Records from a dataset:
= = = =
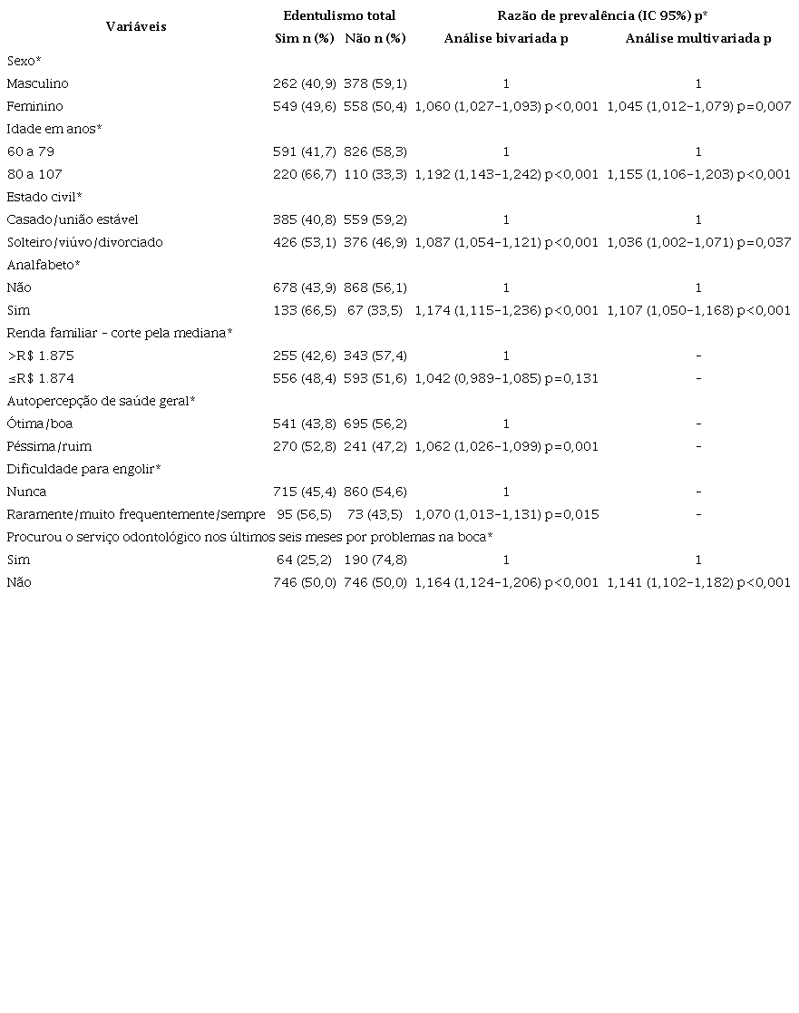 O edentulismo total foi mais prevalente em participantes do sexo feminino (RP=1,060), com 80 anos ou mais (RP=1,192), solteiros/viúvos/divorciados (RP=1,087), analfabetos (RP=1,174), com autopercepção de saúde geral péssima/ruim (RP=1,062), com dificuldade para engolir alimentos (RP=1,070) e que não procuraram pelo serviço odontológico por problemas na boca nos seis meses que antecederam a pesquisa (RP=1,164), com nível de significância estatística de p<0,05 na análise bivariada. Na análise multivariada mantiveram-se associados à maior prevalência de edentulismo total entrevistados do sexo feminino (RP=1,045), com 80 anos ou mais (RP=1,155), solteiros/viúvos/divorciados (RP=1,036), analfabetos (RP=1,107) e que não procuraram o serviço odontológico por problemas na boca nos seis meses anteriores à pesquisa (RP=1,164), conforme demonstrado na Tabela 2.
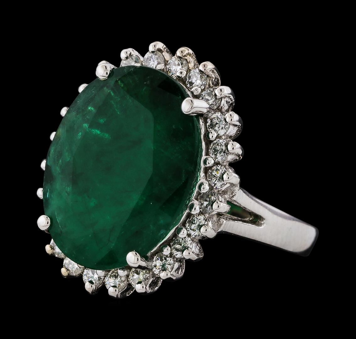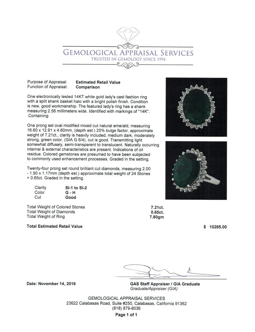 One electronically tested 14KT white gold lady's cast fashion ring with a split shank basket halo with a bright polish finish. The featured lady's ring has a shank measuring 2.56 millimeters wide. Identified with markings of '14K'. Condition is new, good workmanship. Containing: One prong set oval modified mixed cut natural emerald, measuring 16.60 x 12.91 x 4.60mm, (depth est.) 25%. bulge factor, approximate weight of 7.21ct., clarity is heavily included, medium dark, moderately strong, green color, (GIA G 6/4), cut is good. Transmitting light somewhat diffusely, semi-transparent to translucent. Naturally occurring internal & external characteristics are present. Indications of oil residue. Colored gemstones are presumed to have been subjected to commonly used enhancement processes. Graded in the setting. Twenty-Four prong set round brilliant cut diamonds, measuring 2.00 - 1.90 x 1.17mm (depth est.) approximate total weight of 24 Stones = 0.65ct. Graded in the setting. Clarity SI-1 to SI-2. Color: G - H Cut Good. Total Weight of Colored Stones 7.21ct.. Total Weight of Diamonds 0.65ct.. Total Weight of Ring 7.80gm GAS Appraised at $10,285.00.
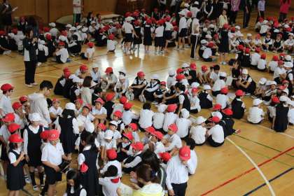 今日の児童集会は、ベストフレンド班活動をしました。ベストフレンド班活動とは、日吉小学校の縦割り班活動のことです。
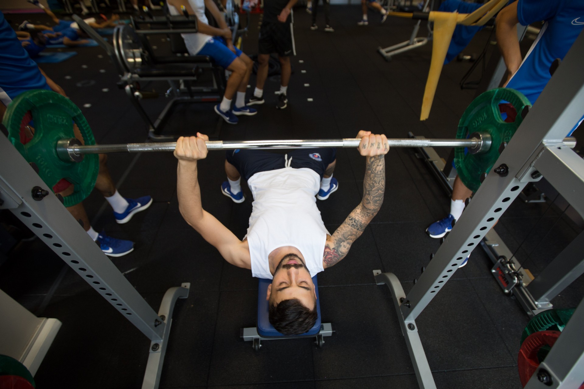 Antrenman takım halinde salonda yapılan ısınma hareketleri ve streching çalışması ile başladı. 8 istasyondan oluşan parkurda oyuncular üç tur üzerinden değişmeli olarak denge ve kuvvet çalışmalarını tamamladılar.
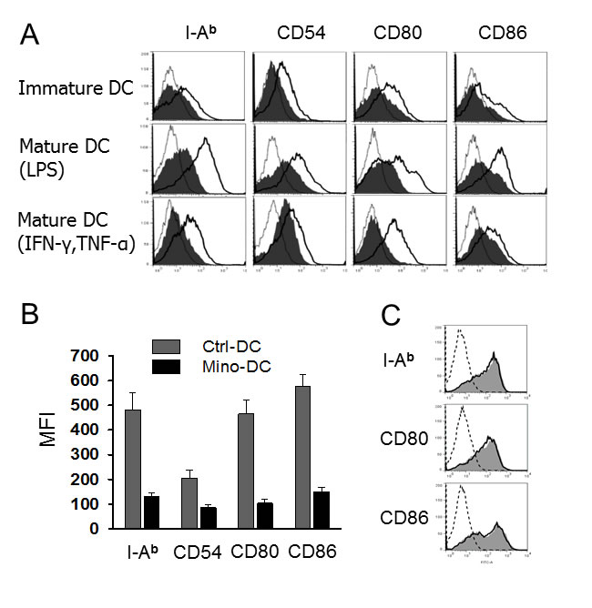 Figure 2: DCs generated in the presence of minocycline resist maturation. A. Immature DCs generated from C57BL/6 mouse BM cells with (Mino-DCs) or without (Ctrl-DCs) minocycline were exposed to 100 ng/ml LPS or 50 ng/mL IFN-γ plus 50 ng/mL TNF-α for 24 h to induce maturation and analyzed by flow cytometry for the expression of I-Ab, CD54, CD80 and CD86. Mino-DCs, shaded area; Ctrl-DCs, black line; isotype-matched control, grey line. B. Mean fluorescence intensities of LPS-stimulated DCs. The data are presented as the mean ± SD of three independent experiments. C. Immature Ctrl-DCs were stimulated with 50 ng/mL IFN-γ and 50 ng/mL TNF-α in the presence (shaded area) or absence (solid lines) of minocycline for 24 h and analyzed by flow cytometry; dotted line, isotype-matched control.
= = = =
Activity:
Reproduce only the lines from the first line of the entries through the line containing "Antrenman takım halinde", exactly and with both ends kept. Omit the pictures.

Written answer:
 O edentulismo total foi mais prevalente em participantes do sexo feminino (RP=1,060), com 80 anos ou mais (RP=1,192), solteiros/viúvos/divorciados (RP=1,087), analfabetos (RP=1,174), com autopercepção de saúde geral péssima/ruim (RP=1,062), com dificuldade para engolir alimentos (RP=1,070) e que não procuraram pelo serviço odontológico por problemas na boca nos seis meses que antecederam a pesquisa (RP=1,164), com nível de significância estatística de p<0,05 na análise bivariada. Na análise multivariada mantiveram-se associados à maior prevalência de edentulismo total entrevistados do sexo feminino (RP=1,045), com 80 anos ou mais (RP=1,155), solteiros/viúvos/divorciados (RP=1,036), analfabetos (RP=1,107) e que não procuraram o serviço odontológico por problemas na boca nos seis meses anteriores à pesquisa (RP=1,164), conforme demonstrado na Tabela 2.
 One electronically tested 14KT white gold lady's cast fashion ring with a split shank basket halo with a bright polish finish. The featured lady's ring has a shank measuring 2.56 millimeters wide. Identified with markings of '14K'. Condition is new, good workmanship. Containing: One prong set oval modified mixed cut natural emerald, measuring 16.60 x 12.91 x 4.60mm, (depth est.) 25%. bulge factor, approximate weight of 7.21ct., clarity is heavily included, medium dark, moderately strong, green color, (GIA G 6/4), cut is good. Transmitting light somewhat diffusely, semi-transparent to translucent. Naturally occurring internal & external characteristics are present. Indications of oil residue. Colored gemstones are presumed to have been subjected to commonly used enhancement processes. Graded in the setting. Twenty-Four prong set round brilliant cut diamonds, measuring 2.00 - 1.90 x 1.17mm (depth est.) approximate total weight of 24 Stones = 0.65ct. Graded in the setting. Clarity SI-1 to SI-2. Color: G - H Cut Good. Total Weight of Colored Stones 7.21ct.. Total Weight of Diamonds 0.65ct.. Total Weight of Ring 7.80gm GAS Appraised at $10,285.00.
 今日の児童集会は、ベストフレンド班活動をしました。ベストフレンド班活動とは、日吉小学校の縦割り班活動のことです。
 Antrenman takım halinde salonda yapılan ısınma hareketleri ve streching çalışması ile başladı. 8 istasyondan oluşan parkurda oyuncular üç tur üzerinden değişmeli olarak denge ve kuvvet çalışmalarını tamamladılar.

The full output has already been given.